Алексей Анатольевич Андреев
Грех взращивает грех.

Сидит как-то на веточке рябины воробей и в окошко хозяйское через стеколышко поглядывает. А рядом с окном стол, а на нем тарелочка расписная с вырисованными по самой каемочке гроздьями винограда, персиками, да ягодами, коих воробейко и в жизнь свою не видывал. На блюдечке семечки рассыпаны желтенькие, кругленькие – солнышки, бочок к бочку полеживают.
“Ах, что же этакое делается?  Почему одним всё — и виноград, и груши, и цветы, а мне труху на сеновале клевать… Разок украду – вороной не стану. Натаскаю семечек, насажу, выращу – периться буду! Не жизнь, а смак!”

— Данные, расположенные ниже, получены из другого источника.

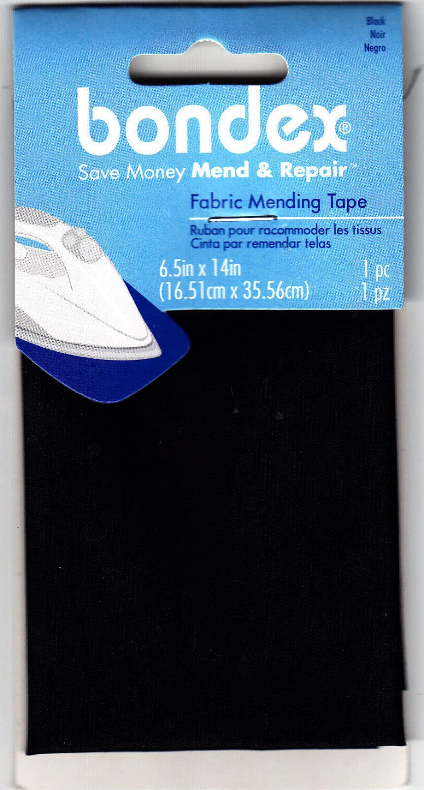 BONDEX Black Fabric Iron On Mending Tape. Size: 6 1/2" x 14".Application Instructions: Be sure garment fiber content can withstand heat setting required for application. (1) Wash garment before applying patch. (2) Preheat iron on dry cotton setting. (3) Cut patch to desired size and shape. (4) Preheat garment area, position patch (shiny side down) and press with iron for 30 seconds. (5) Allow patch to cool and check bond. Repeat Step 4 if necessary. (Instructions are also on back of packet.): FREE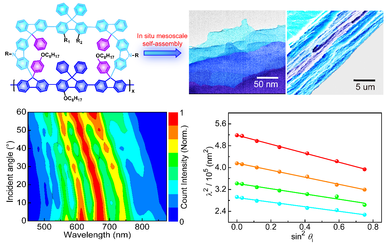 图二、共轭聚格的介观组装形貌及其角分辨反射谱

Ходит вдоль улицы мужиченко по одной стороне пройдет, на другой развернётся, а денежки в кармане глухими колокольчиками позвякивают.. “Что мечтаешь? Не пивнуть ли жизнь глубокой чаркой?”
“Будет и в моей жизни карнавал!” — отвечает сам себе кузнец.
Зашагал он быстрыми шагами в кабачек, отворил двери широкой рукой, кинул несколько монет на прилавок и говорит: “Налей, харчевник, чего погорячее, чтобы кровь закипела!”
Покатился жар по мастеровому нутру.

Залетел воробушек в дом через открытую форточку, схватил семян своими цепкими коготочками, да и наутек. Еще несколько заходов сделал пернатый воришка. Взял не своё. Натаскал целую горсть семян. “Вот теперь заживу! Чужие семена, да на моей земле!”
Разворошил носиком клочок земельки, накидал туда семянышков и водичку на крылышках носить принялся. Каждый день по многу раз летал он на лужу, а когда она засохла и на пруд кругов с полсотни наматывал. Приземлится у пруда, тину ножками разгонит, попорхается в нем, наберет в ротик воды, попромочит крылышки и летит обратно.
“Эх, вот бы мне лапки как у утки. Был бы я побольше, свернул бы ей шею, отклевал бы папоротки, такими бы  перепоночками скорее дело сладилось. Но мал уродился… Маленькая птичка — маленький грешок…”
— Да много ли ты так воды наносишь? — смеялись над ним суетливые, рыжие муравьи, — Слетай в поле, сорви пару колокольчиков, опрокинь их книзу головками – вот тебе и ведрышки готовы.
— Как это я раньше и сам-то не догадался! — воскликнул воробей в изумлении, — Вот теперь работа пойдет! 
И заправду пошла. Взошли его семена, росточки зеленые дали. И плутовитой радостью забилось воробьевое сердечко.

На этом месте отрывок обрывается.